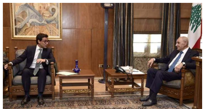
פגישות שר החוץ הצרפתי. מימין: עם ברי; משמאל: עם מיקאטי (אלנשרה, 15 באוגוסט 2024)
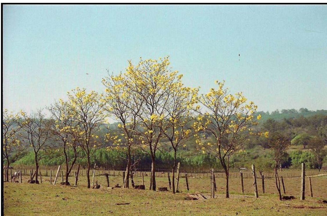
Foto 1: Lugar em setor de contato da média Depressão Periférica Paulista com as cuestas arenítico-basálticas, em Corumbataí (SP). Altitude de 675m em área de aplainamento. A floração teve seu início em 29 de julho de 2010 e se estendeu até 3 de agosto de 2010. O máximo atingido foi entre 4 e 14 de agosto de 2010, com uma duração de 9 dias. (Foto: Adler Guilherme Viadana, agosto/2010).

No presente estudo, tivemos os seguintes resultados:
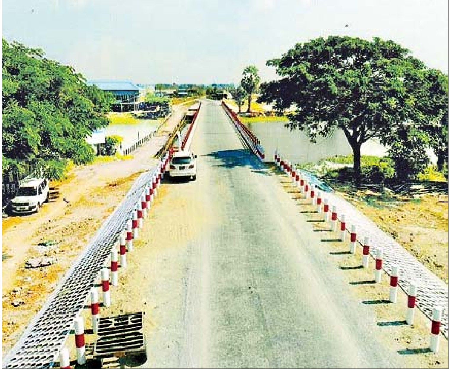
မွန်ပြည်နယ် သထုံခရိုင် ပေါင်မြို့နယ်ရှိ ကျွဲဟော် - ရာမဆိပ်တံတားကို တွေ့ရစဉ်။

၂၀၂၁ ခုနှစ် ဇွန်လ ၃ ရက် သို့မဟုတ် နွေနှောင်းကာလ မိုးဦးကာလ နေ့တစ်နေ့ .....။ ကရင်ပြည်နယ်ကို လက်ပြန်တံဆက်၍ မွန်ပြည်နယ်သို့သွားရန် ကျွန်တော်ကားကို မြို့တော်ဘားအံ၏ သံလွင်မြစ် ကမ်းနားလမ်းအတိုင်း မြောက်မှ တောင်သို့ ဦးတည်မောင်းနှင်လာခဲ့သည်။ ဇွဲကပင်ဟိုတယ်အကျော် ဘားအံတံတား(သံလွင်)၏ ဘားအံဘက် ချဉ်းကပ်လမ်း ပေါ်အရောက်တွင် တံတားကို ကွေ့မတက်ဘဲ လမ်းဆုံ၌ တွေ့ရသည့် မွန်ပြည်နယ် မော်လမြိုင်မြို့သို့ဆိုသည့် ဆိုင်းဘုတ်လမ်းညွှန်အတိုင်း မောင်းလာခဲ့သည်။ ဘားအံ - မော်လမြိုင်ကားလမ်းသည် ပြောငဲ့တန်း
##########
(Work request):
Output nothing except the lines from the one containing "No presente estudo, tivemos" through the final line of the entries, repeated exactly and free of pictures.

(Result of this exercise):
No presente estudo, tivemos os seguintes resultados:
မွန်ပြည်နယ် သထုံခရိုင် ပေါင်မြို့နယ်ရှိ ကျွဲဟော် - ရာမဆိပ်တံတားကို တွေ့ရစဉ်။

၂၀၂၁ ခုနှစ် ဇွန်လ ၃ ရက် သို့မဟုတ် နွေနှောင်းကာလ မိုးဦးကာလ နေ့တစ်နေ့ .....။ ကရင်ပြည်နယ်ကို လက်ပြန်တံဆက်၍ မွန်ပြည်နယ်သို့သွားရန် ကျွန်တော်ကားကို မြို့တော်ဘားအံ၏ သံလွင်မြစ် ကမ်းနားလမ်းအတိုင်း မြောက်မှ တောင်သို့ ဦးတည်မောင်းနှင်လာခဲ့သည်။ ဇွဲကပင်ဟိုတယ်အကျော် ဘားအံတံတား(သံလွင်)၏ ဘားအံဘက် ချဉ်းကပ်လမ်း ပေါ်အရောက်တွင် တံတားကို ကွေ့မတက်ဘဲ လမ်းဆုံ၌ တွေ့ရသည့် မွန်ပြည်နယ် မော်လမြိုင်မြို့သို့ဆိုသည့် ဆိုင်းဘုတ်လမ်းညွှန်အတိုင်း မောင်းလာခဲ့သည်။ ဘားအံ - မော်လမြိုင်ကားလမ်းသည် ပြောငဲ့တန်း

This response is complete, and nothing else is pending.